Выбрать главу

«Дорогой мой, милый, — писала она, — я знаю, ты исстрадался, а я измучилась за тебя. Но судьбе, видно, не угодно еще, чтобы мы свиделись. Я долго думала прежде, чем решилась остаться здесь. С одной стороны, я думала; как я брошу и не поддержу тебя в твоем изгнании, тебя, может быть, больного душою и телом? Но я подумала, что дело, для которого ты рисковал всем — это дело должно быть дороже для тебя всего на свете; это дело — расследование убийства твоей матери.
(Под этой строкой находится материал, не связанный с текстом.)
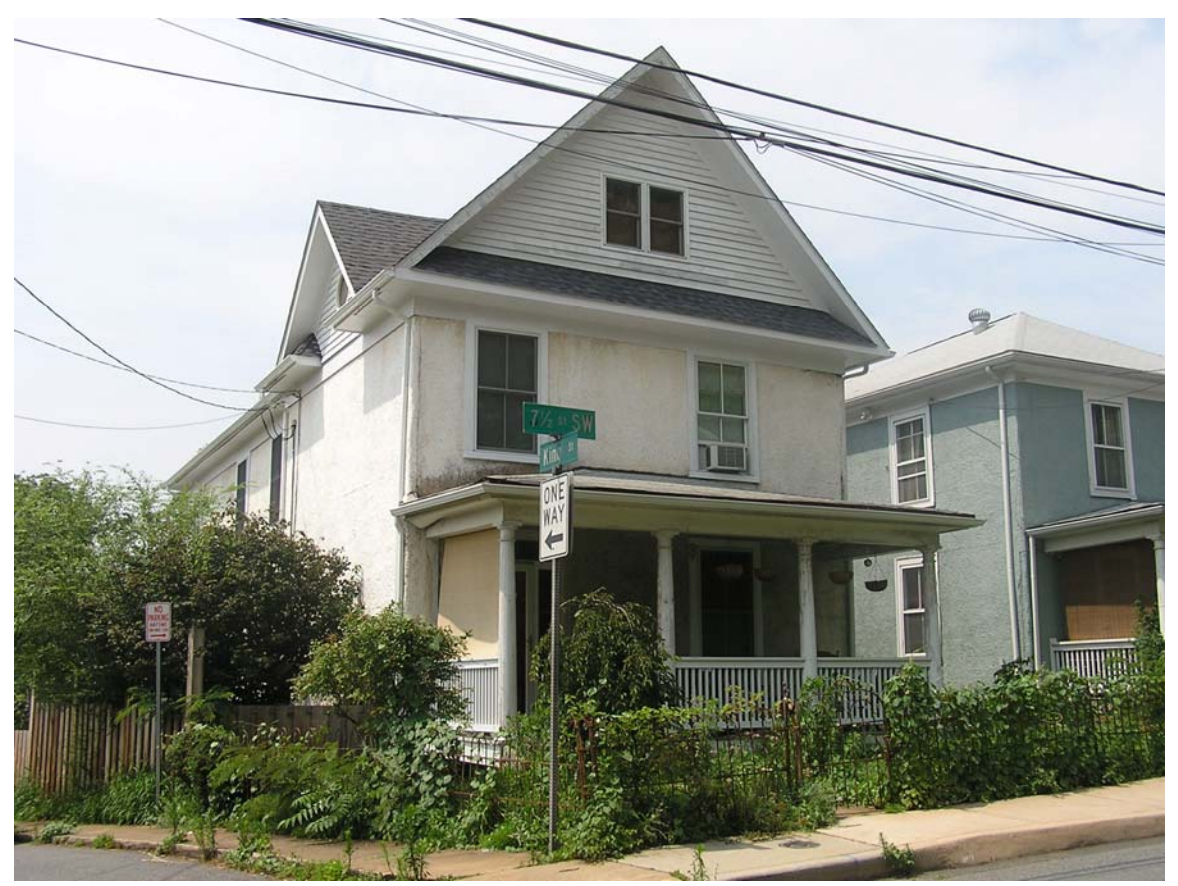
Primary Resource Information: Single Dwelling, Stories 2.00, Style: Other, ca 1890 July 2006: This late-19th-century, 2-story, 2-bay, vernacular side-passage-plan dwelling has a very tall, pedimented, gable-end front with paired attic windows. The house has stuccoed walls and an asphalt-shingled cross-gabled roof. The house has a plain frieze, 2/2-sash windows, gable-end returns, a 3-light transom and sidelights around the door, and a 3-bay front porch with Tuscan columns and plain pickets. A 2-story wing extends off the rear 2-story ell. The roof on this house may have been altered to its current configuration as it seems slightly out of proportion with the dimensions of the house.

Я думала, если я брошу это дело и полечу к моему милому, дорогому изгнаннику, то не будет ли мучить его совесть и не упрекнет ли он меня когда-нибудь в том, что я бросила на произвол чужих людей дело, для него священное. (Отец твой хотя также здесь, но ты знаешь, что он все равно что чужой.) Но должно тебе сказать, что вскоре после твоего ареста мы с мамой узнали, что Высочайше назначено расследовать этого дела, и для того послан генерал-адъютант Г., а к нему прикомандирован жандармский полковник С. Услыхав это, я уговорила маму ехать к тебе в деревню и, насколько мы можем, следить за следствием и помогать ему. Я не буду писать тебе, каких душевных усилий мне это стоило. Но я сказала: это должно быть так; иначе я поступлю бесчестно и сделаю его, моего дорогого, бесчестным. И я осталась. Я уверена, дорогой мой, что твоя совесть оправдает меня. Да, впрочем, и оправдывать меня не в чем…»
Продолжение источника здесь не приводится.